Фрэнк вытащил фонарик из воды и осветил шахту. Мощности лампы хватало лишь на очень маленькую часть пространства, несмотря на это, Фрэнку удалось разглядеть наверху широкий проход, который, скорее всего, являлся в своём время проходом к лифту. Куда плыть дальше Фрэнк не понимал. А вот выбраться на поверхность было бы неплохо.
Осмотрев стены шахты, Фрэнк понял, что забраться наверх не получится. Проход находился над ним на высоте нескольких футов.
Поразмыслив, Фрэнк пришёл к выводу, что иных вариантов нет.
Он вытащил из воды огрызок ноги Бена – стопу и перекусанную в колене голень – и подплыл к языку барнакла. Из места укуса по капле стекала кровь. Фрэнк вдруг почувствовал едва уловимое тепло, источаемое куском некогда целого тела. Тела, которое было Беном. Фрэнка чуть не стошнило. На память пришли картины того, как они с Освальдом питались мясом зомби. На пороге смерти все привычные образы стираются. Сама жизнь – это нечто ужасное, как и смерть. На молекулярном уровне смерти, должно быть, вообще нет. Умирает сознание, душа или что-то там ещё. Нечто эфемерное. А вот тело преобразуется, разлагается, гниёт. Ведь это органические процессы, как никак.
Единственное, что не гибнет и не рождается, – это свет. Вечный, сияющий. Свет из иных миров. Блестящие корпуса модернизированной секции «Нова Проспект». Пятна белёсого света, скользящие по земле. Фрагментами память выхватывала переживания и смешивала их в причудливой мозаике. И почему Фрэнку вспомнился этот свет? Именно сейчас… Почему Фрэнку вспомнился карцер?..
«Наверное, это всё-таки плохая идея», – подумал Фрэнк и сделал над собой усилие, загнав все сомнения в дальний угол сознания. В данный момент рассудок должен быть до самозабвения чист.
Фрэнк примерил в ладони, как ему удобнее схватиться за голень. Бен был не из худых, и использовать кусок его ноги в качестве крепления было трудновато.
Чувствуя нарастающую слабость, Фрэнк покрепче впился пальцами в толстую икру и в таком положении вытянул руку к языку барнакла, дав ему ухватиться за стопу. В последний момент Фрэнк подумал, что не рассчитал, выдержит ли сустав его вес. Вспомнив, как барнакл тащил их двоих наверх, Фрэнк попытался отмести колебания. Он вообще пытался не думать, ибо размышления вели к нерешительности, а сейчас Фрэнк старался воспринимать действительность как можно отстранённее.

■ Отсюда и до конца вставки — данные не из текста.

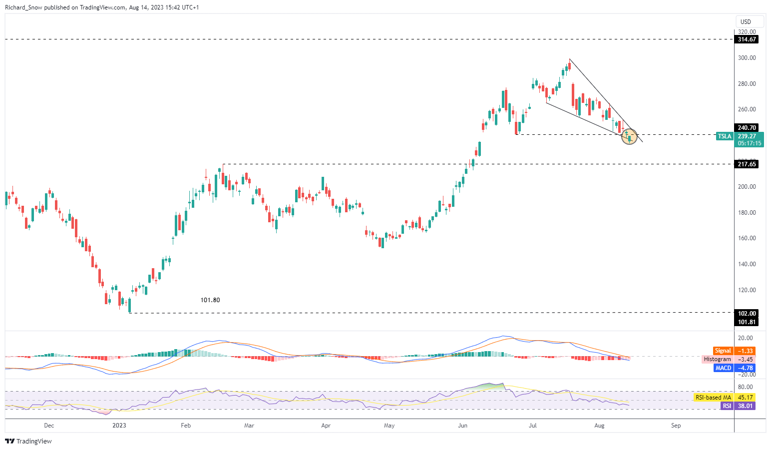 S&P 500, NASDAQ ANALYSIS US indices off to a slow start – Tesla down after Chinese vehicle discounts US PPI, Treasury yields and the US dollar weigh on US stocks The analysis in this article makes use of chart patterns and key support and resistance levels. US INDICES OFF TO A SLOW START – TESLA DOWN AFTER CHINA VEHICLE REPRICING Tesla announced it was cutting prices of its popular Model Y offering in the competitive Chinese market for electric vehicles. The move has been prompted by a tricky trading environment, as the Chinese economy faces a number of challenges to the highly anticipated economic rebound. Economic data since Q1 has placed the recovery in doubt. The manufacturing sector continues to contract, exports and imports declined in July and according to the latest inflation report, deflation appears to be setting in. Tesla gapped lower at the start of trading but has attempted to bridge the gap since. The June swing low will be telling as it serves as a tripwire for potential continued selling. Tesla Daily Chart Source: TradingView, prepared by Richard Snow US PPI, TREASURY YIELDS AND THE DOLLAR WEIGH ON US STOCKS Friday’s hotter than expected PPI print resulted in further rising US 10-year yields which supports the US dollar. Such a result typically weighs on indices as rising risk-free rates carry a more attractive yield and, as the name suggest, its as close to risk free as you can get. US 10-year yields approach levels last seen at the end of October – the highest since 2007/2008. A lack of high importance US data this week leaves US indices looking for direction. One thing markets will get clarity on this week is the state of the US consumer, with US retail sales data and earnings updates from Target and Walmart. The S&P 500 recently broke below trendline support – highlighting the potential for an extended pullback. The June 16th high at 4450 appears to have provided a level of support as price action now tests the trendline resistance (former support). The MACD highlights the bearish momentum which remains in play, resulting in renewed interest in trendline resistance. If broken with momentum, 4450 is followed by 4325 on the downside. A move and close above trendline resistance highlights the yearly high of 4607. S&P 500 Daily Chart Source: TradingView, prepared by Richard Snow NASDAQ 100 BREAKS TRENDLINE SUPPORT The Nasdaq (E-Mini Futures) chart reveals a very similar charting posture, although, only on Friday witnessed a break of trendline support. 14,853 is the tripwire for bearish momentum with 14,251 coming into focus thereafter. Tech stocks however, have been resilient in 2023 despite interest rates rising above 5%. As such, the outlook remains in favor of the uptrend. 15,260 is the immediate level of resistance followed by 15,710 and 16,062. Nasdaq 100 Daily Chart (E-Mini Futures) https://www.dailyfx.com/news/s-p-500-nasdaq-update-us-stocks-resilient-despite-tesla-s-china-woes-20230814.html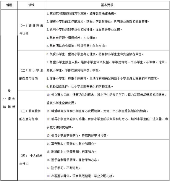 热爱小学教育事业,具有职业理想,践行社会主义核心价值体系,履行教师职业道德规范。关爱小学生,尊重小学生人格,富有爱心、责任心、耐心和细心;为人师表,教书育人,自尊自律,做小学生健康成长的指导者和引路人。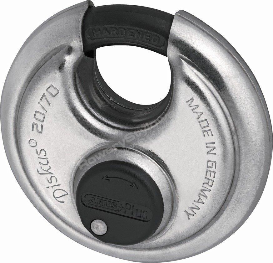 Kłódka ABUS Diskus 20/70 służy do zabezpieczenia przedmiotów o dużej wartości lub przy wysokim ryzyku kradzieży. Do zamykania ciężarówek, hal fabrycznych, drzwi piwnicznych itd. Stal nierdzewna na zewnątrz i od wewnątrz Dodatkowe zabezpieczenie przed przepiłowaniem. Jarzmo ze specjalnie hartowanej stali Zamek tarczowy Abus-Plus: najwyższa precyzja zabezpieczająca przed inteligentnymi próbami otwarcia, 30.000 kombinacji klucza Osłona otworu klucza - ochrona przed zabrudzeniem i zalaniem. Technologia spawu Diskus / najlepsza ochrona przed rozwierceniem Oryginalny Design Diskus chroniony w 360° Made in Germany 2 klucze w zestawie Kłódki z serii ABUS Diskus do wszechstronnych zastosowań. Klasyk firmy ABUS - made in Germany. Kłódka Diskus to przede wszystkim szczególny kształt kłódki z wyjątkowymi zaletami. Dzięki kształtowi tarczy nieskuteczna jest większość metod sforsowania kłódki. Konstrukcja kłódki zapewnia bardzo ciasny otwór w prześwicie jarzma, nie dając miejsca na atak ciężkimi narzędziami. Kłódka ABUS Diskus skonstruowana jest, w znacznej części, ze stali nierdzewnej, w wyniku czego doskonale sprawdza się tam, gdzie liczy się bezpieczeństwo i antykorozyjność. Ochrona z każdej strony Rodzina kłódek Diskus jest oferowana w rozmiarach od 50 do 80 mm. Oryginalny Diskus produkowany jest tylko przez firmę ABUS. Dodatkowo kłódki te są produkowane w wersji z zamkiem tarczowym ABUS-Plus i z tarczą chroniącą zamek.

Язык бесшумно обвился вокруг стопы, и барнакл с характерным урчанием начал подтягивать добычу к себе. Когда Фрэнк почувствовал, что тварь поднимает его из воды, он ещё крепче вжал пальцы в икру. Через пару секунд Фрэнк находился уже над водой. Физическое изнеможение, однако, давало о себе знать: ладонь, которой Фрэнк ухватился за голень, быстро онемела и не могла долго держать на себе вес тела. Фрэнку казалось, что он сам вытягивается обратно вниз, к воде. В другой руке у Фрэнка был фонарик, которым он высвечивал стену шахты, ожидая, когда же эта стена закончится.
Главное – дотерпеть, пока он не окажется на уровне прохода.
Урчание становилось громче.
Стена сменилась темнеющим зевом коридора. Лихорадочные соображения: как попасть туда… От прохода Фрэнка отделяло не больше четырёх футов, но даже такое расстояние для изнурённого организма казалось непреодолимым. Рука находилась у самой пасти инопланетного паразита.
Фрэнк кое-как раскачался, чувствуя, как давит на него вымокшая до нитки униформа, и отпустил руку. На мгновение он словно бы завис в пустоте. Тьма замкнула его в беспросветном, абсолютном ничто. Наконец Фрэнк понял, что падает. Ноги тянулись вперёд, как бы надеясь наткнуться во мраке на почву. Тело стремилось найти опору, но та уходила всё глубже во тьму, и Фрэнк уже смирился с тем, что его план, с самого начала дерьмовый, провалился. Но в следующую секунду он приземлился на твёрдую поверхность. Стопы коснулись земли, тем временем какая-то сила, наоборот, утягивала тело назад, в шахту; Фрэнка шокировал образ того, что он балансирует сейчас на самом краю шахты, и, совершив усилие, он перевёл вес тела вперёд, упав на каменный пол.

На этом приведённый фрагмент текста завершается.